■ Provided data ■
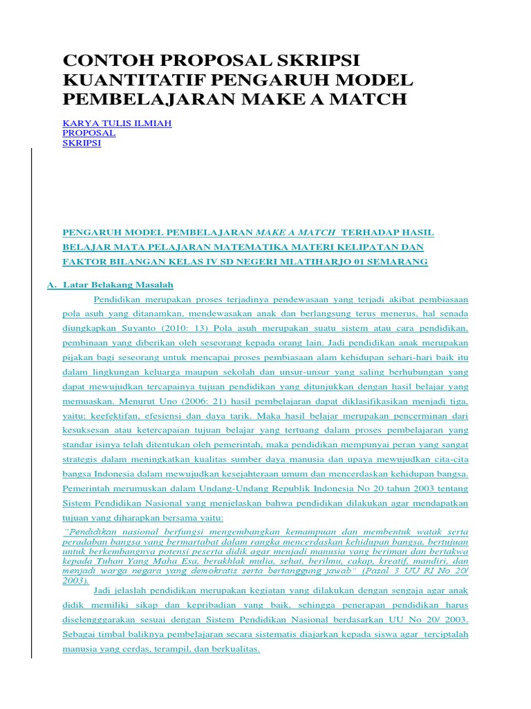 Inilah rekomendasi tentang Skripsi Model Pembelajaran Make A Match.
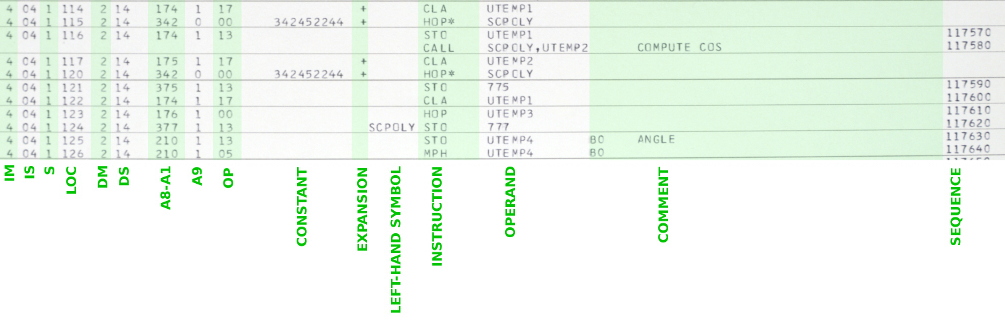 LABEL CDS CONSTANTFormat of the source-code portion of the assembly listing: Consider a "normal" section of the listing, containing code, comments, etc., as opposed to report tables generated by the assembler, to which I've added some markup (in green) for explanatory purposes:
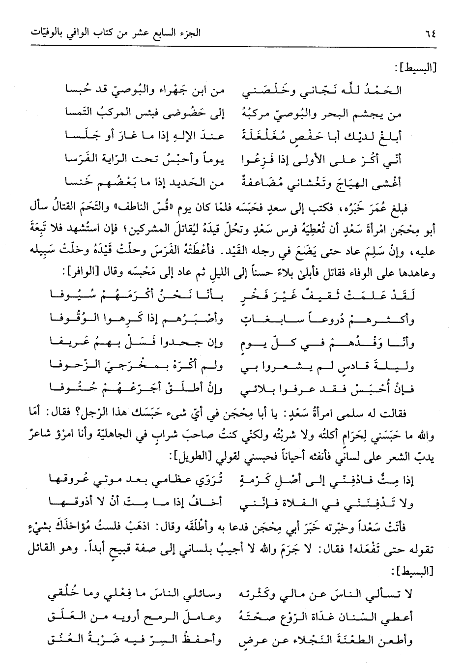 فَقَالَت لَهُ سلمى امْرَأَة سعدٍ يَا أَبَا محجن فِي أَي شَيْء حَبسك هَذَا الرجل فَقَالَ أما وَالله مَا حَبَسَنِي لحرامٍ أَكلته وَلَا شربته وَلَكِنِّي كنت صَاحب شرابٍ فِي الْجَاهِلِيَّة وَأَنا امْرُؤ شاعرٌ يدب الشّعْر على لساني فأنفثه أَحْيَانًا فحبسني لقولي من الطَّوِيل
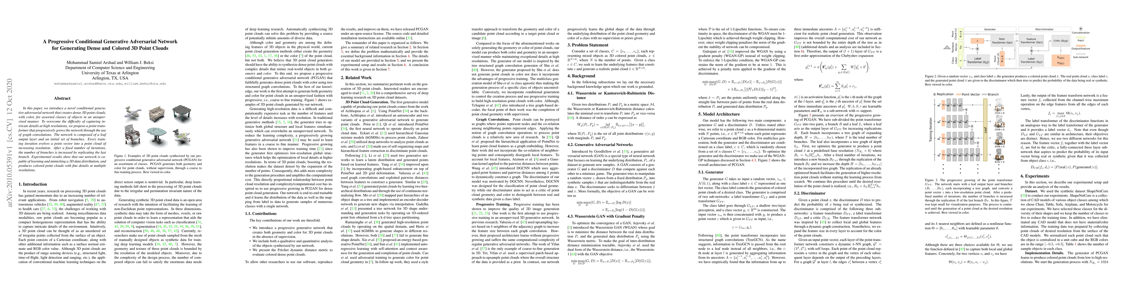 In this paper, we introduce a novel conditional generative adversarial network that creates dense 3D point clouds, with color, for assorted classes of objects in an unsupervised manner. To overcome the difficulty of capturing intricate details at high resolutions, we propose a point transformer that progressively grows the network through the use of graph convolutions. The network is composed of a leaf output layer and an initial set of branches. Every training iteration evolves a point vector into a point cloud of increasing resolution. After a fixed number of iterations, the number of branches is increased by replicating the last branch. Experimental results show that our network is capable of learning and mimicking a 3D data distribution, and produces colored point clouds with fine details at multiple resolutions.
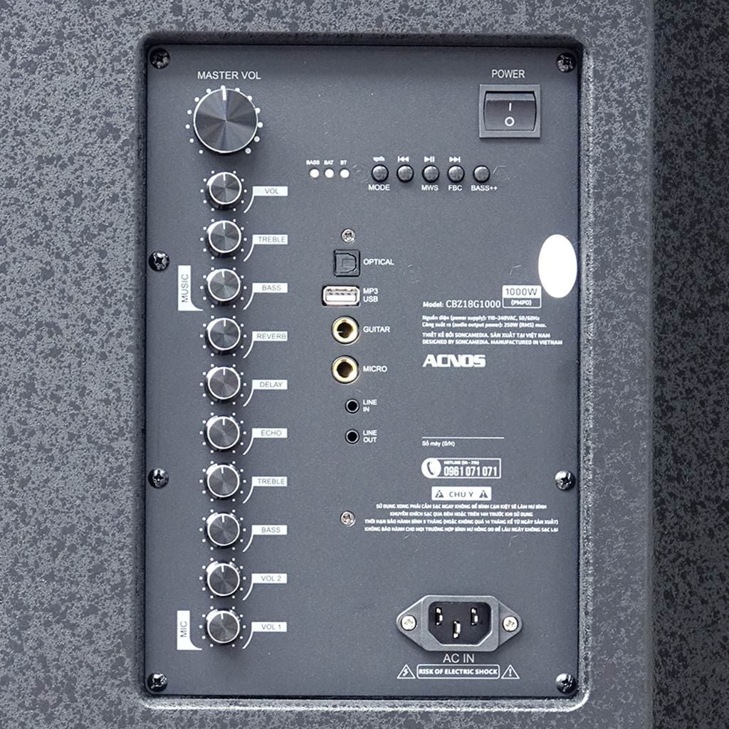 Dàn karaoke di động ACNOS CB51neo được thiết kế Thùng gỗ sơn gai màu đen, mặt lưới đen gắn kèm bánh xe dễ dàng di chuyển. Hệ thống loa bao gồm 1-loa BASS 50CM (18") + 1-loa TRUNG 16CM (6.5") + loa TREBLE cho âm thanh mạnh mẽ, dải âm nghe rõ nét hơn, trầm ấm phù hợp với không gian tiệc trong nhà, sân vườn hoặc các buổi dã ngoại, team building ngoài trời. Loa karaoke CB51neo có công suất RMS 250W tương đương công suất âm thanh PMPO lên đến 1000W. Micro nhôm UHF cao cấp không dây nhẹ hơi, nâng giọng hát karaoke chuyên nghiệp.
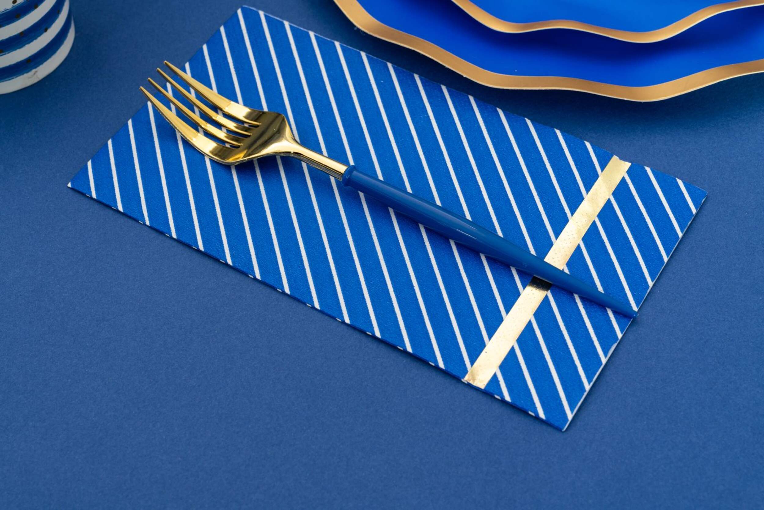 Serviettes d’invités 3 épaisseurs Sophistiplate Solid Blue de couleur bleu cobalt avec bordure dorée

==

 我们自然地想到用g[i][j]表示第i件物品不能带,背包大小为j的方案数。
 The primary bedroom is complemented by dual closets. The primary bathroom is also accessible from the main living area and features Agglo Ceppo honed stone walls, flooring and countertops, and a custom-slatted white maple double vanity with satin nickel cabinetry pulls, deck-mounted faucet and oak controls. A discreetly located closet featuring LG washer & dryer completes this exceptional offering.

* * *

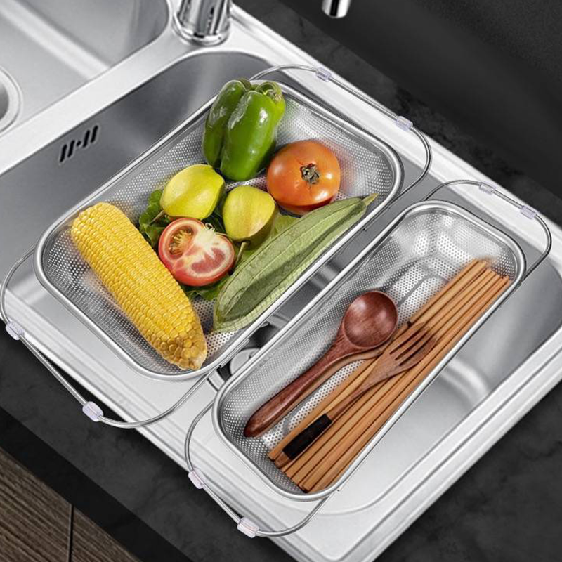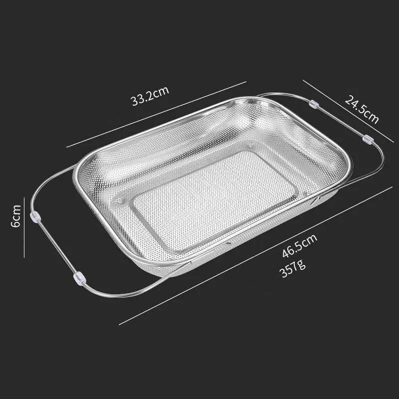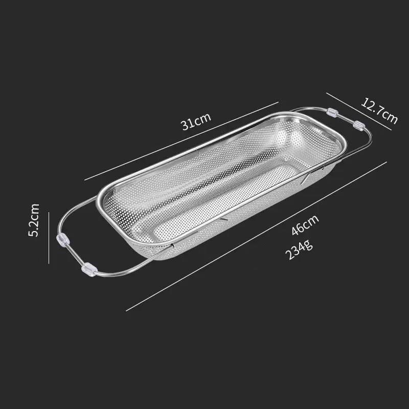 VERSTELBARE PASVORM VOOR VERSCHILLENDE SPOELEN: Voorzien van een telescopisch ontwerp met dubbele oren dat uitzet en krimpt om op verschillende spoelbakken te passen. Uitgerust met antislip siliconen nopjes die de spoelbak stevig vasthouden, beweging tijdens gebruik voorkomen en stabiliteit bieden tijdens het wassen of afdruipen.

■ Task prompt ■
Leave out the images and write out the lines above exactly, from the one with "فَقَالَت لَهُ سلمى" up to and including the one with "In this paper, we".

■ Exercise answer ■
 فَقَالَت لَهُ سلمى امْرَأَة سعدٍ يَا أَبَا محجن فِي أَي شَيْء حَبسك هَذَا الرجل فَقَالَ أما وَالله مَا حَبَسَنِي لحرامٍ أَكلته وَلَا شربته وَلَكِنِّي كنت صَاحب شرابٍ فِي الْجَاهِلِيَّة وَأَنا امْرُؤ شاعرٌ يدب الشّعْر على لساني فأنفثه أَحْيَانًا فحبسني لقولي من الطَّوِيل
 In this paper, we introduce a novel conditional generative adversarial network that creates dense 3D point clouds, with color, for assorted classes of objects in an unsupervised manner. To overcome the difficulty of capturing intricate details at high resolutions, we propose a point transformer that progressively grows the network through the use of graph convolutions. The network is composed of a leaf output layer and an initial set of branches. Every training iteration evolves a point vector into a point cloud of increasing resolution. After a fixed number of iterations, the number of branches is increased by replicating the last branch. Experimental results show that our network is capable of learning and mimicking a 3D data distribution, and produces colored point clouds with fine details at multiple resolutions.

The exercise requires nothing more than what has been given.